There are numerous peptides discovered through past decades, which exhibit antimicrobial and anti-cancerous tendencies. Due to these reasons, peptides are supposed to be sound therapeutic candidates. Some peptides can pose low metabolic stability, high toxicity and high hemolity of peptides. This highlights the importance for evaluating hemolytic tendencies and toxicity of peptides, before using them for therapeutics. Traditional methods for evaluation of toxicity of peptides can be time-consuming and costly. In this study, we have extracted peptides data (Hemo-DB) from Database of Antimicrobial Activity and Structure of Peptides (DBAASP) based on certain hemolity criteria and we present a machine learning based method for prediction of hemolytic tendencies of peptides (i.e. Hemolytic or Non-Hemolytic). Our model offers significant improvement on hemolity prediction benchmarks. we also propose a reliable clustering-based train-tests splitting method which ensures that no peptide in train set is more than 40% similar to any peptide in test set. Using this train-test split, we can get reliable estimated of expected model performance on unseen data distribution or newly discovered peptides.

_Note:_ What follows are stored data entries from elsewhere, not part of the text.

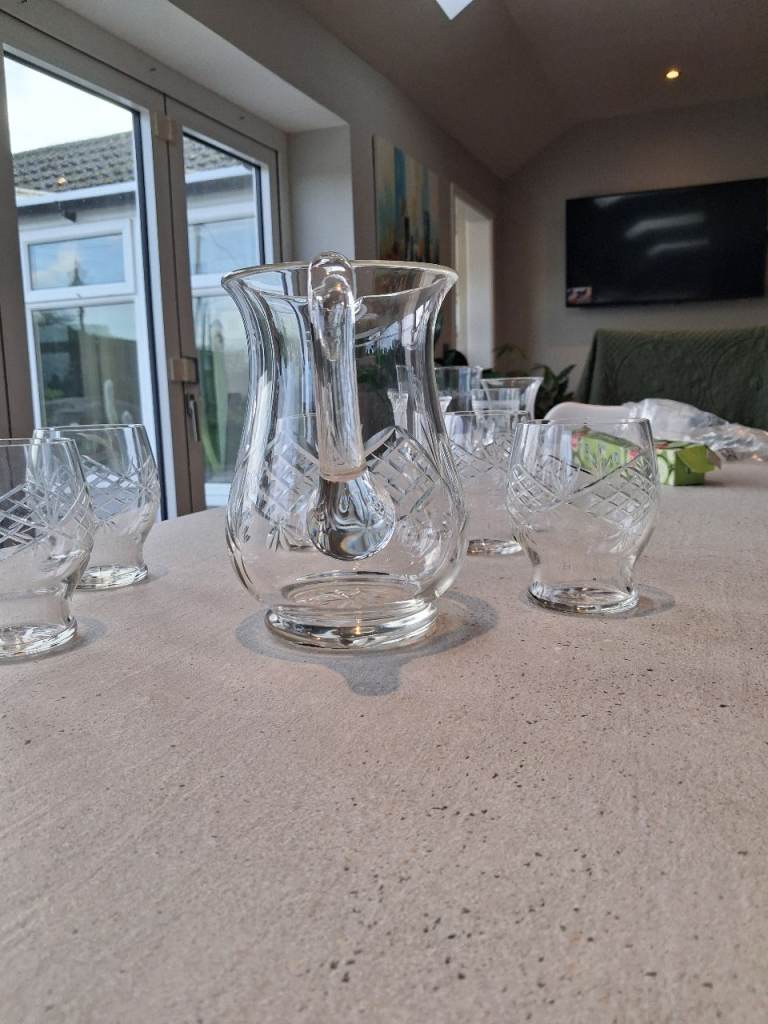 Really lovely cut glass jug with 5 matching pattern glasses. Jug is 7 inch high and the glasses are 4 inch high. I live in Coates PE7 2DL not Peterborough town.
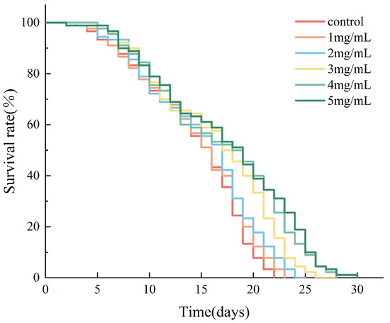 Survival curves of C. elegans treated with AAPs (0, 1, 2, 3, 4, and 5 mg/mL).
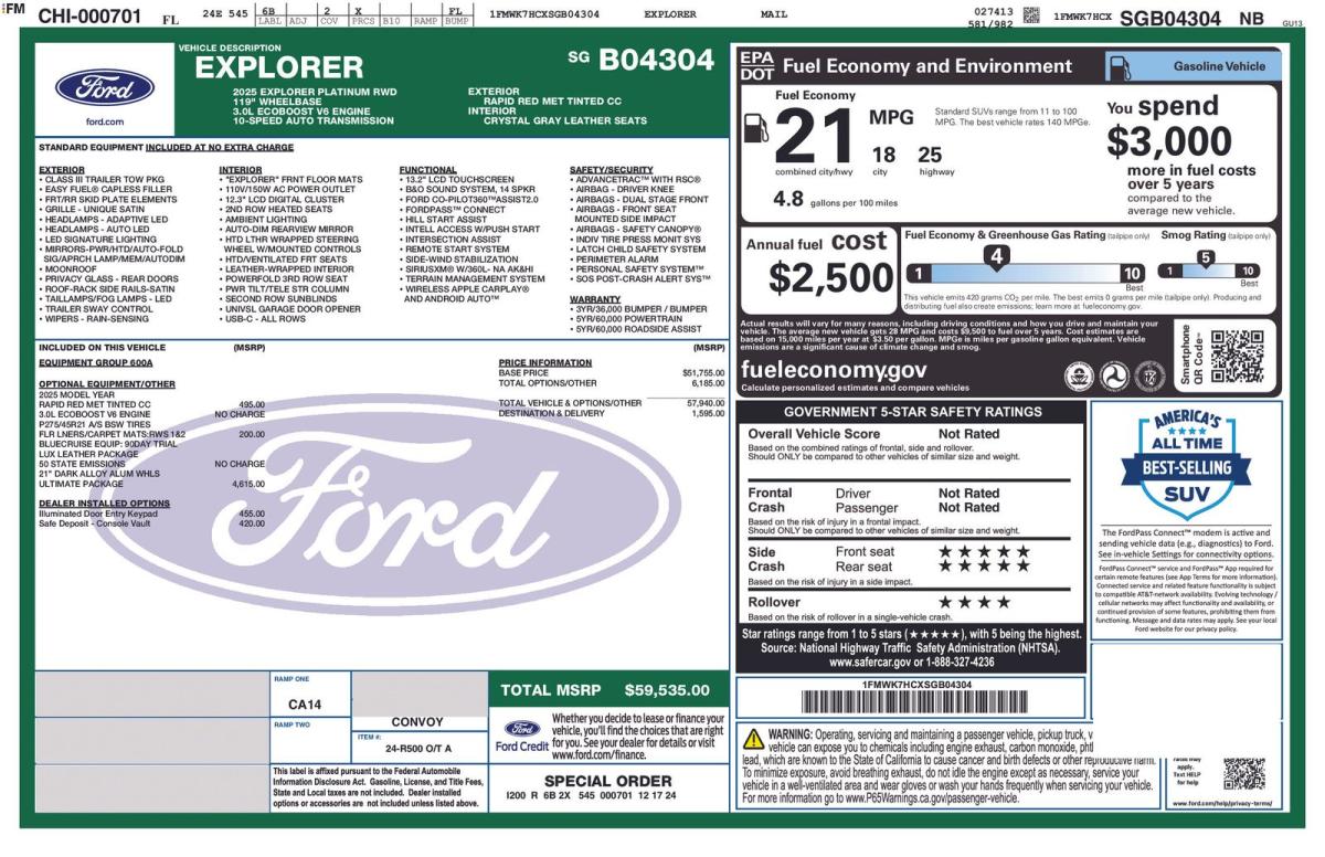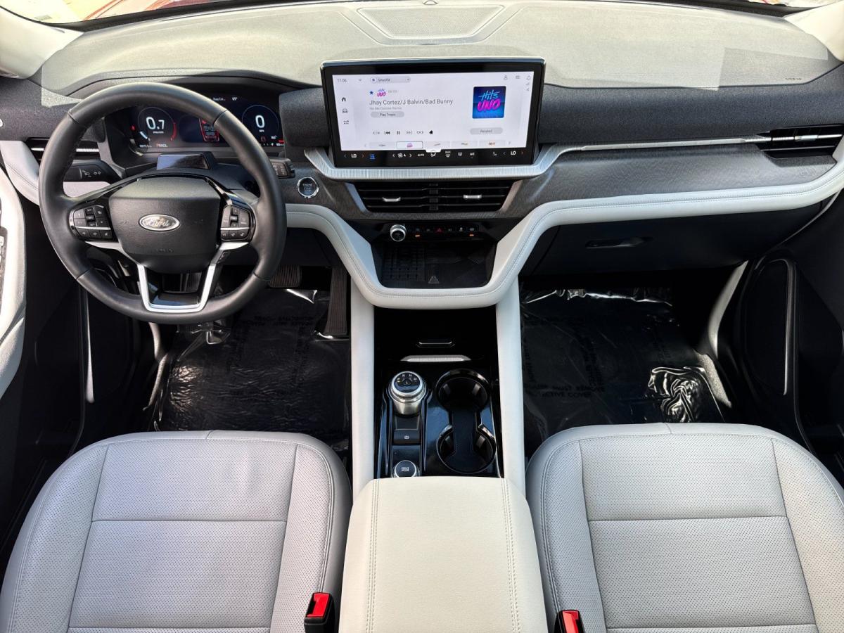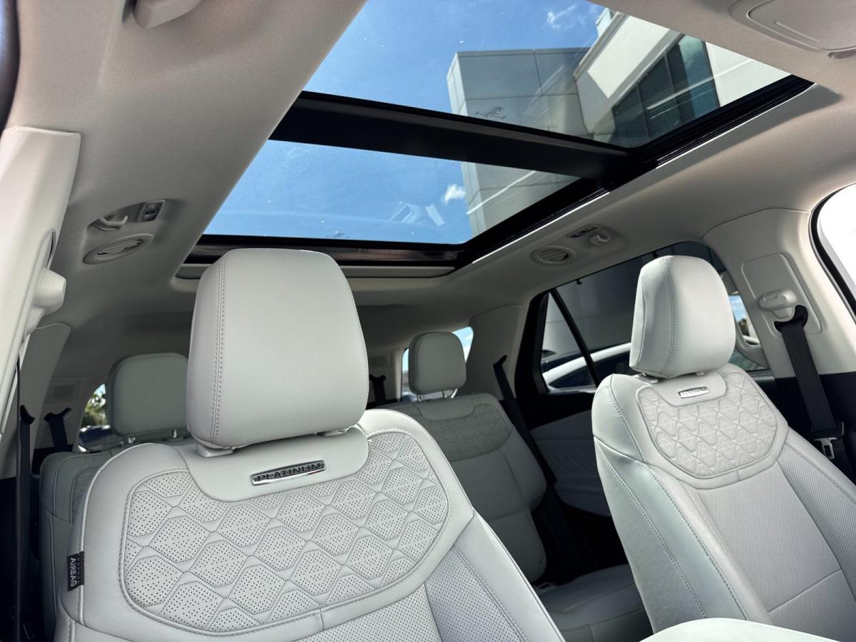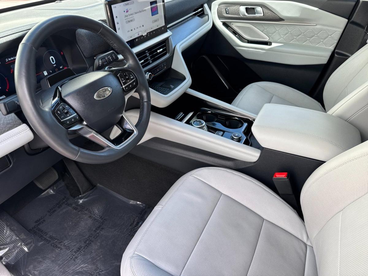 Experience premium comfort, advanced technology, and confident performance with this exceptionally equipped 2025 Ford Explorer Platinum RWD. Finished in eye-catching Rapid Red Metallic Tinted Clearcoat and complemented by a refined Crystal Gray leather interior, this Explorer delivers a perfect blend of sophistication and everyday versatility, setting itself apart in the full-size SUV segment.Under the hood, the powerful 3.0L EcoBoost V6 engine pairs seamlessly with a 10-speed automatic transmission, providing smooth, responsive performance whether you're commuting, traveling with family, or towing with ease. The Class III Trailer Tow Package further enhances its capability, making this Explorer as functional as it is luxurious.This Platinum model stands out with the highly desirable Ultimate Package, elevating the driving experience with premium upgrades and cutting-edge features. The exterior is enhanced by sleek 21-inch Dark Alloy aluminum wheels and satin-finish roof rack side rails, while practical touches like a hands-free power liftgate and rain-sensing wipers add everyday convenience.Inside, the cabin is designed to impress. Multi-contour heated and ventilated front seats with massage functionality, heated second-row seating, and a heated steering wheel ensure exceptional comfort for all passengers. The twin-panel moonroof brings in natural light, creating an open and airy feel throughout the interior. High-end finishes and the Lux Leather Package further reinforce the upscale atmosphere.Technology is at the forefront, featuring a large 13.2-inch touchscreen with SYNC 4A, a 12.3-inch digital instrument cluster, and a premium B&O sound system for an immersive listening experience. Wireless Apple CarPlay and Android Auto, integrated navigation, and a built-in Wi-Fi hotspot keep you seamlessly connected on the go.Safety and driver assistance are equally impressive, with Ford Co-Pilot360 Assist 2.0 offering features like adaptive cruise control, evasive steering assist, intersection assist, a 360-degree camera, and reverse brake assist. These systems work together to provide confidence and peace of mind for you and your passengers.With its powerful engine, upscale appointments, and standout packages like the Ultimate Package and Lux Leather Package, this 2025 Ford Explorer Platinum is the complete package for drivers who refuse to compromise. Its a refined, capable SUV designed to elevate every drive.
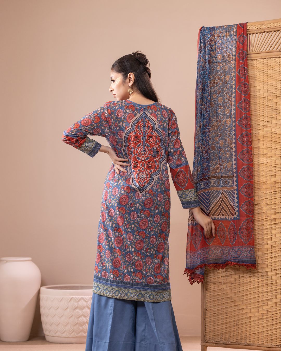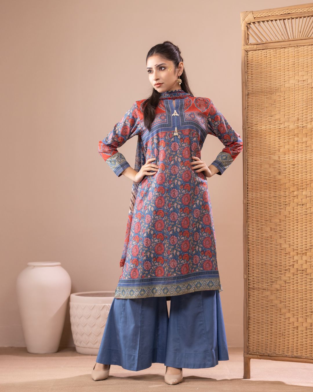Details: Breathable lawn fabric set featuring a Relaxed-fit, long kameez, Kali pant with flare, and a soft chiffon dupatta.
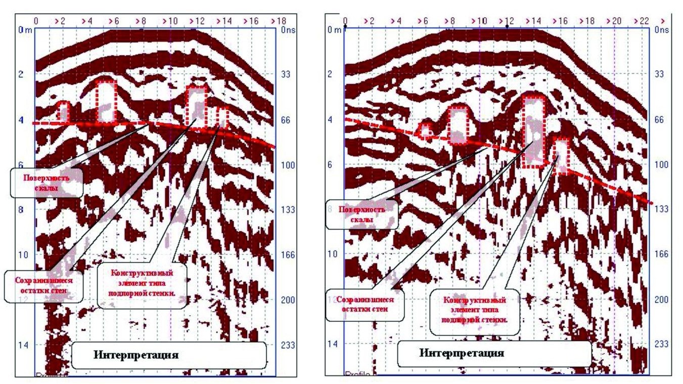 Рис. 7. Георадарные профили 16 (слева) и 17 (справа), прорезающие восточную крепостную стену
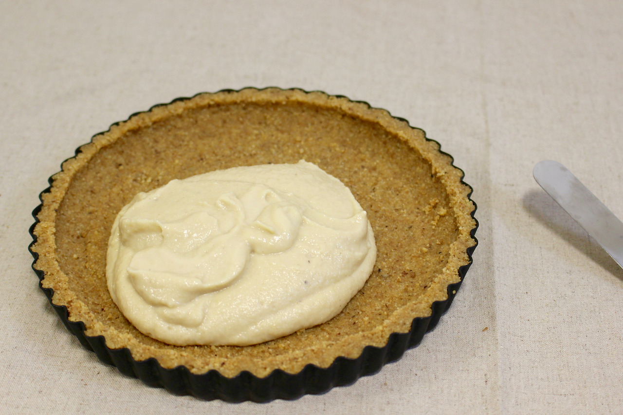 7. 굳힌 크러스트에 준비된 필링을 붓고 잘 펴준다.
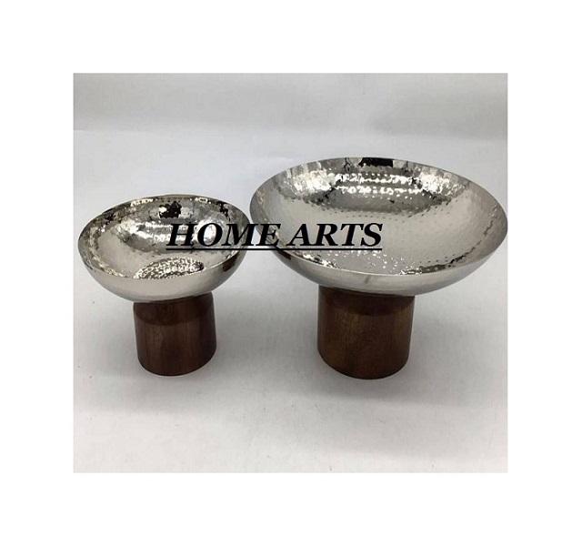 ชุดชามใส่ผลไม้แห้งทองเหลืองตีลาย 2 ใบ พร้อมฐานไม้ คุณภาพเยี่ยม รูปทรงกลม ชามใส่ช็อคโกแลต ขายส่ง
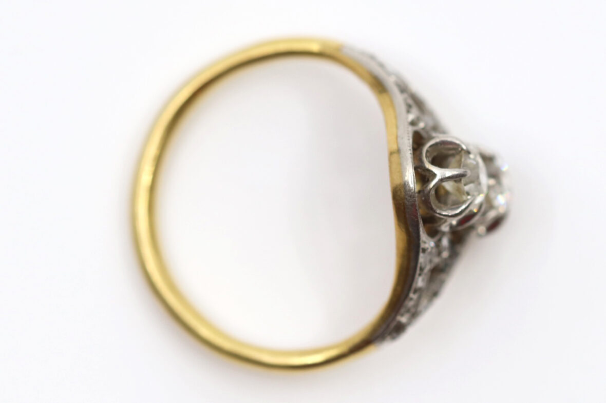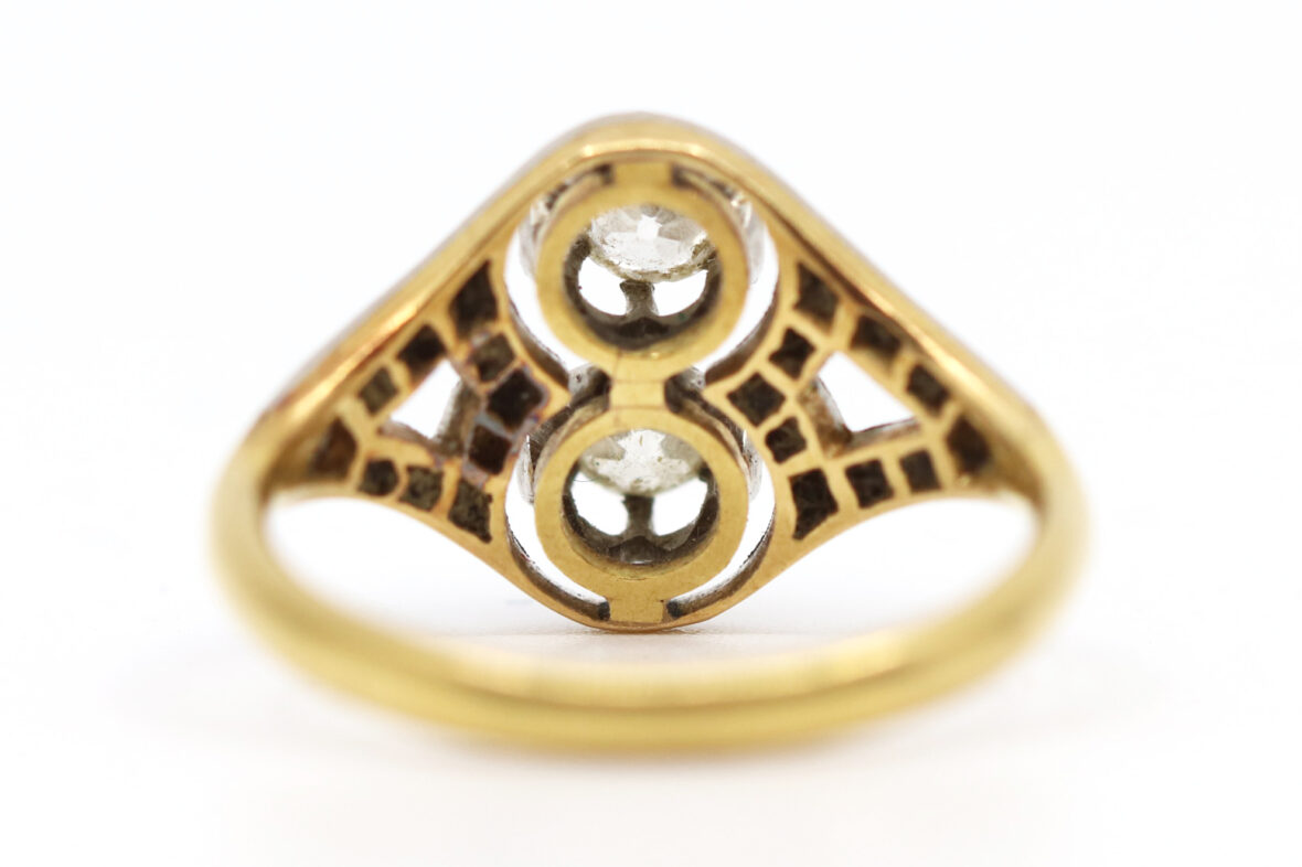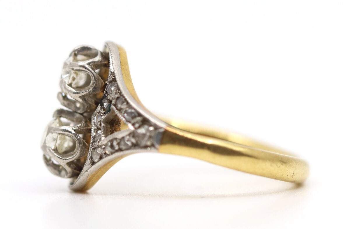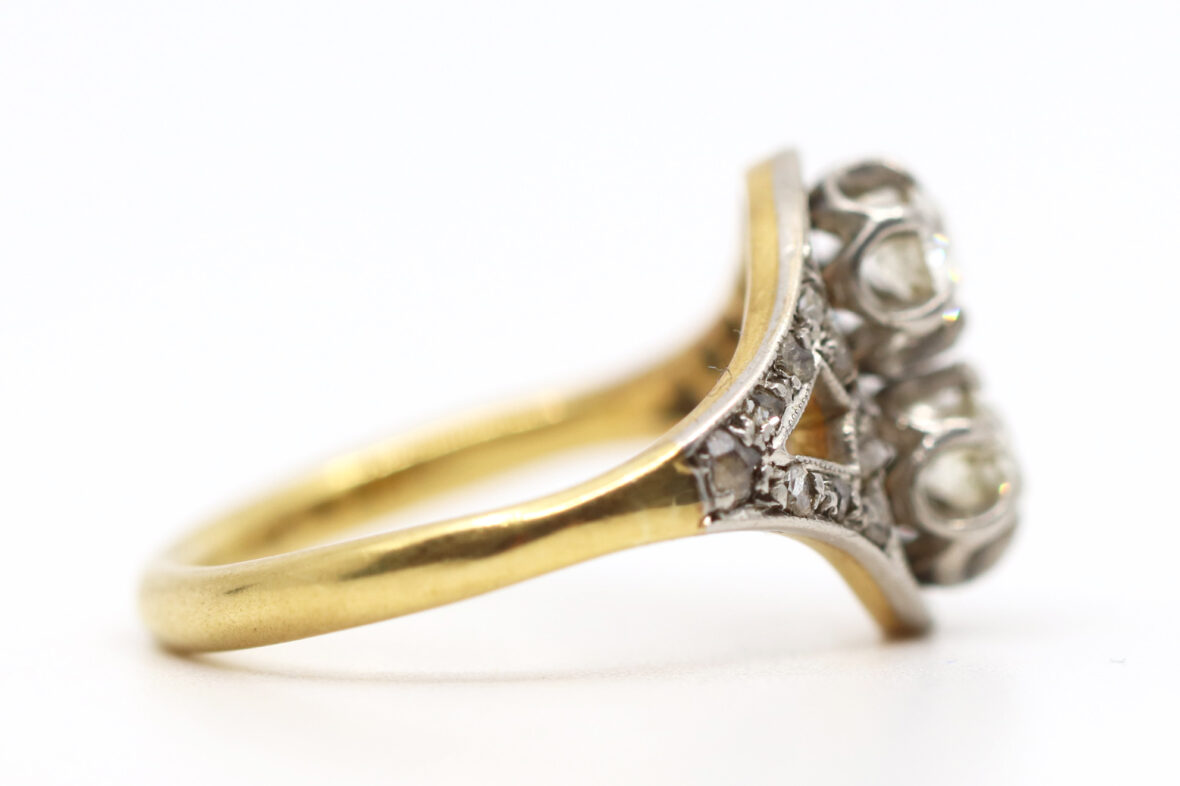 Bague en or jaune et or gris ornée de deux diamants de taille ancienne d’environ 0,20 carats chaque et de petites roses.
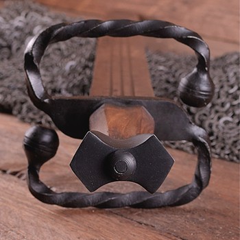 Knauf und Parierstange sind eine Nachbildung eines berühmten Wikingerschwertes, des sogenannten
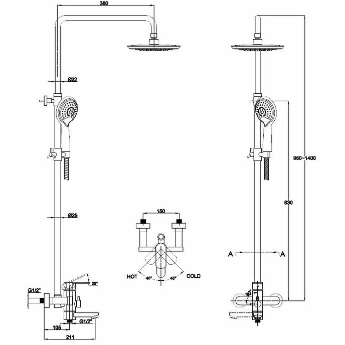 | Дополнительная информация | высота стойки для душа: 1400 мм; диаметр верхнего душа: 200 мм |
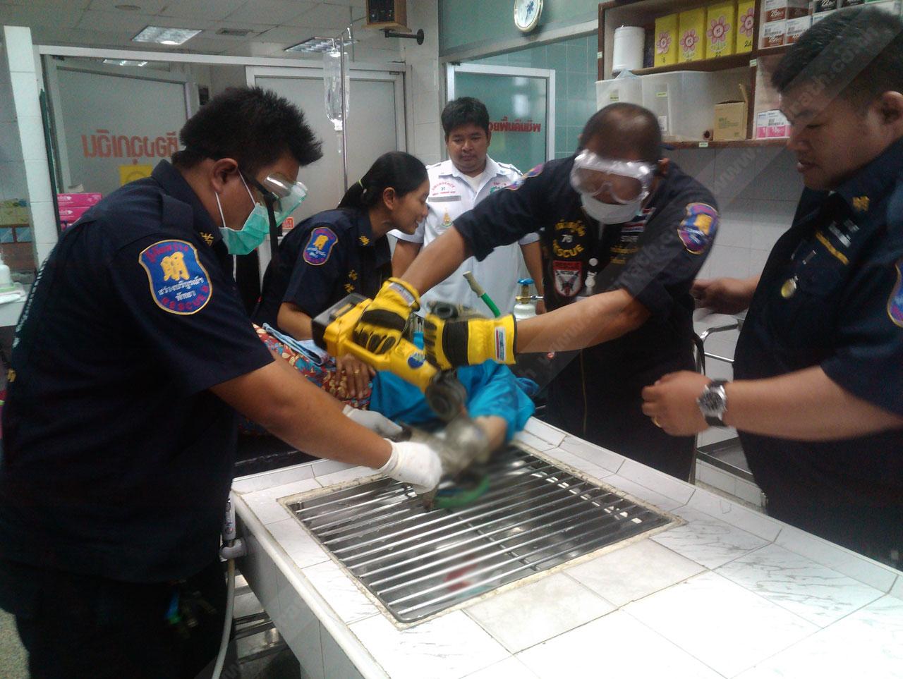 เมื่อเวลา 16.00 น. วันที่ 17 ม.ค.58 ศูนย์วิทยุหน่วยกู้ภัยมูลนิธิสว่างบริบูรณ์ธรรมสถานเมืองพัทยา จ.ชลบุรี ได้รับแจ้งมีคนถูกเครื่องบดหมูดูดมือเข้าไปติดคาอยู่ในเครื่องได้รับบาดเจ็บสาหัส เหตุเกิดภายในตลาดสดเขาไม้แก้ว หมู่ 1 ต.เขาไม้แก้ว อ.บางละมุง จ.ชลบุรี หลังรับแจ้งจึงนำกำลังเจ้าหน้าที่พร้อมรถอุปกรณ์และรถพยาบาล เดินทางไปตรวจสอบ

Our model tests 0.9986 AUC-ROC (Area Under Receiver Operating Curve) and 97.79% Accuracy on test set of Hemo-DB using traditional random train-test splitting method. Moreover, our model tests AUC-ROC of 0.997 and Accuracy of 97.58% while using clustering-based train-test data split. Furthermore, we check our model on an unseen data distribution (at Hemo-PI 3) and we recorded 0.8726 AUC-ROC and 79.5% accuracy. Using the proposed method, potential therapeutic peptides can be screened, which may further in therapeutics and get reliable predictions for unseen amino acids distribution of peptides and newly discovered peptides.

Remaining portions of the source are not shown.